First, we again point out that, contrary to Appellant's assertions, the testimony of Noland was not the only evidence offered by the Commonwealth to demonstrate Appellant's guilt. Rather, the Commonwealth introduced evidence such as the discovery of Appellant's fingerprints on items in Mrs. Ohlinger's vehicle, his presence in the area of the murder scene and his admission made in Harrisburg to the Commonwealth's witness, Juan Maldanado, to the effect that he had killed someone in Schuylkill County. Furthermore, as noted previously, the evidence of the Clearfield County shooting was properly admitted for the purpose of establishing Appellant's motive for robbing and shooting Mrs. Ohlinger. Accordingly, this claim is rejected.
Appellant next asserts that the trial court erred in charging the jury under the accomplice liability theory of murder when the Commonwealth only charged and presented evidence establishing him as a principal. We disagree.
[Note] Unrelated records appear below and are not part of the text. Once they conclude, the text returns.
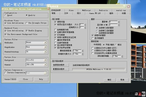 作為對(duì)比,我們來(lái)看更復(fù)雜的模型在專業(yè)顯卡上的表現(xiàn),第一張圖是NV的Quadro FX 4000顯卡的驅(qū)動(dòng)設(shè)置畫(huà)面,可以看到,驅(qū)動(dòng)中內(nèi)置了大量已經(jīng)做好的專門(mén)針對(duì)專業(yè)3D設(shè)計(jì)軟件優(yōu)化的配置,其中包括普通用戶也很熟悉的3Ds Max、AutoCAD、Lightwave、Maye等等。而且,專業(yè)顯卡還能安裝各種專門(mén)的軟件,以圖讓3D設(shè)計(jì)軟件能更好的發(fā)揮顯卡的性能,譬如針對(duì)3Ds Max的是MAXtreme,安裝完畢后,在3Ds MAX中可以選擇MAXtreme作為顯示驅(qū)動(dòng),得到更好的顯示效果、更快的速度。而從第三張圖中可以看到,我將要打開(kāi)的是一個(gè)大小為66.6MB的3Ds MAX模型文件(順便說(shuō)一句,剛才打開(kāi)的那個(gè)建筑模型的文件大小僅僅是600KB而已),請(qǐng)大家在第四張圖中仔細(xì)尋找是否有模型顯示錯(cuò)誤的地方。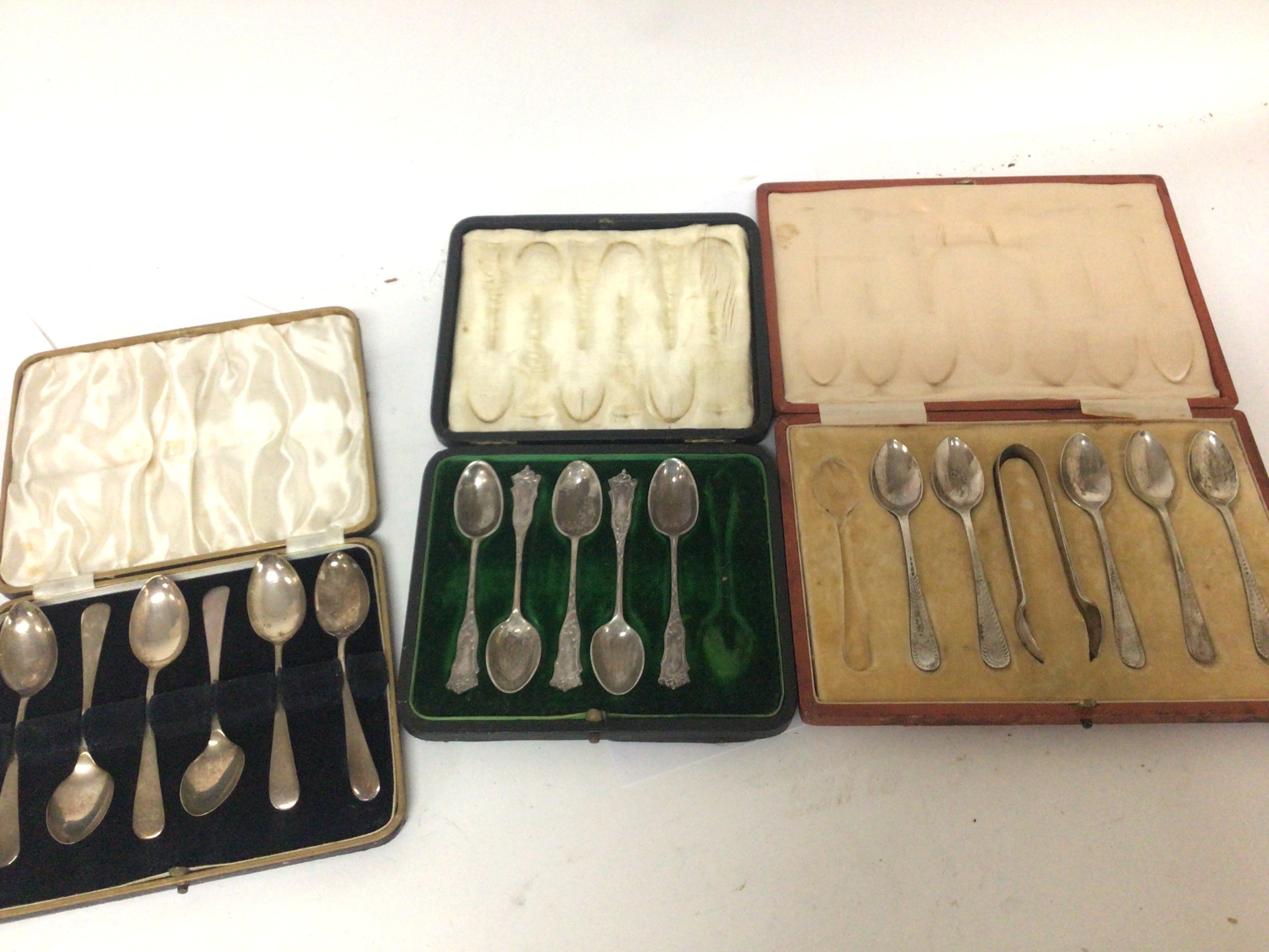 Three cased sets of silver spoons I fitted cases two spoons missing.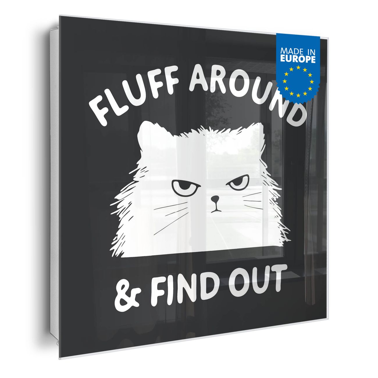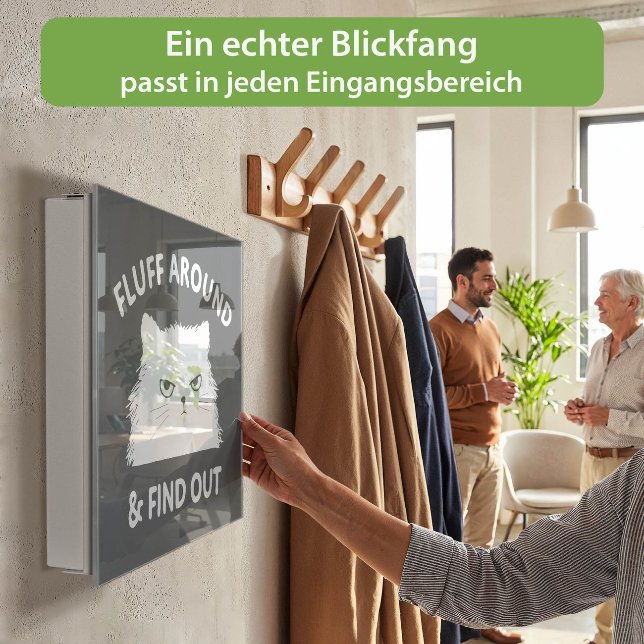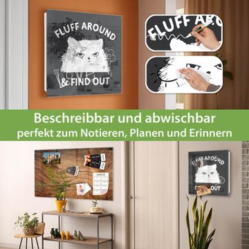 Bringe Ordnung und Eleganz in deinen Eingangsbereich mit dem banjado Schlüsselkasten Motiv Motiv Fluff Around Cat. Die moderne Schlüsselbox kombiniert funktionales Design mit hochwertiger Verarbeitung und wird so zu einem echten Hingucker in Flur, Büro oder Ferienwohnung. ✅ Stilvolle Schlüsselaufbewahrung mit Glasfront im Motiv Motiv Fluff Around Cat Der Design-Schlüsselkasten Motiv Motiv Fluff Around Cat bietet Platz für bis zu 50 Schlüssel, die auf 5 stabilen Reihen mit je 10 Haken übersichtlich verstaut werden. Mit seinen kompakten Maßen von 30 x 30 x 5 cm passt die Schlüsselbox perfekt auch in kleinere Räume. Der weiß lackierte Stahlkorpus mit rechts angeschlagenem Türscharnier harmoniert mit der Glasfront und fügt sich nahtlos in jedes Wohnambiente ein. Ob als Schlüsselorganizer für Zuhause oder als praktische Lösung für Büros, Praxen und Gewerbe, der banjado Schlüsselkasten sorgt für Ordnung und Übersicht. Dank der magnetischen, mit Kreidestiften beschreibbaren Glasfront kannst du Notizen anheften oder Termine direkt auf der Oberfläche festhalten. Die Schlüsselbox Motiv Motiv Fluff Around Cat zur Wandmontage wird inklusive Befestigungsmaterial geliefert und ist schnell angebracht. So hast du deine Schlüssel jederzeit griffbereit und zugleich stilvoll verstaut. Mit diesem banjado Schlüsselkasten Motiv Motiv Fluff Around Cat kombinierst du praktische Aufbewahrung mit stilvollem Wohndesign. Ob privat oder geschäftlich, die Schlüsselbox sorgt für mehr Ordnung, Übersicht und ein wohnliches Ambiente.Vorteile im Überblick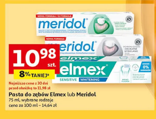 Cena produktu różni się w zależności od wybranego sklepu. Niestety nie posiadamy danych o aktualnych promocjach, jednak wśród archiwalnych ofert Pasta do zębów pewność oddechu Meridol kosztuje od 10,98 zł do 11,99 zł.

A defendant may be convicted as an accessory though only charged as a principal. Commonwealth v. Perkins, 485 Pa. 286, 290-92, 401 A.2d 1320, 1322 (1979) (equally divided court) (affirming conviction based on accomplice liability where information charged defendant as principal); Commonwealth v. Potts, 388 Pa. Super. 593, 566 A.2d 287 (1989) (Commonwealth's failure to proceed on theory of accomplice liability does not later preclude defendant's conviction under this theory). As long as the defendant is put on notice that the Commonwealth may pursue theories of liability that link the defendant and another in commission of crimes, the defendant cannot claim that the Commonwealth's pursuit of such a theory surprised and prejudiced the defendant. Potts, 388 Pa. Super. at 604, 566 A.2d at 293; Commonwealth v. Smith, 334 Pa. Super. 145, 150-51, 482 A.2d 1124, 1126 (1984) (despite being charged only as principal, defendant had sufficient notice of potential for accomplice liability theory, and trial court properly instructed jury on accomplice liability, when evidence adduced at trial supported accomplice theory, defendant attempted to transfer criminal liability to other person and Commonwealth had not misled defendant); Commonwealth v. McDuffie, 319 Pa. Super. 509, 466 A.2d 660 (1983).
Although Appellant asserts that he was surprised and prejudiced by the court's accomplice liability charge, the record demonstrates that Appellant had sufficient notice that an accomplice liability theory was possible. In the first instance, it was counsel for Appellant who raised the issue of accomplice liability during his cross examination of Christina Noland and pursued the theory that it was Christina Noland, and not Appellant, who had been the trigger person. See Potts, 388 Pa. Super. at 605, 566 A.2d at 293 (trial counsel not ineffective for failing to object to trial court's mention of accomplice liability theory when defendant's counsel made remarks implying Commonwealth could pursue conviction under such theory). Moreover, the Commonwealth not only openly admitted Noland's participation with Appellant in the commission of crimes against Mrs. Ohlinger but even outlined Noland's involvement in its opening statement. Id. at 605, 566 A.2d at 293 (opening statements by Commonwealth that defendant, charged only as principal, and another acted together put defendant on notice that accomplice liability theory was possible). Given that Appellant's counsel raised the issue of accomplice liability, thereby precluding allegations by Appellant of surprise and prejudice, and that there was ample evidence in the record concerning the collusive nature of Noland's and Appellant's actions, the Commonwealth was entitled to a proper jury instruction on the accomplice liability theory. Commonwealth v. Browdie, 543 Pa. 337, 348, 671 A.2d 668, 673 (1996) (particular jury instruction only warranted when there is evidence to support such instruction); Commonwealth v. Harper, 442 Pa. Super. 553, 558, 660 A.2d 596, 598 (1995) (trial court must charge the jury in a manner supported by the evidence).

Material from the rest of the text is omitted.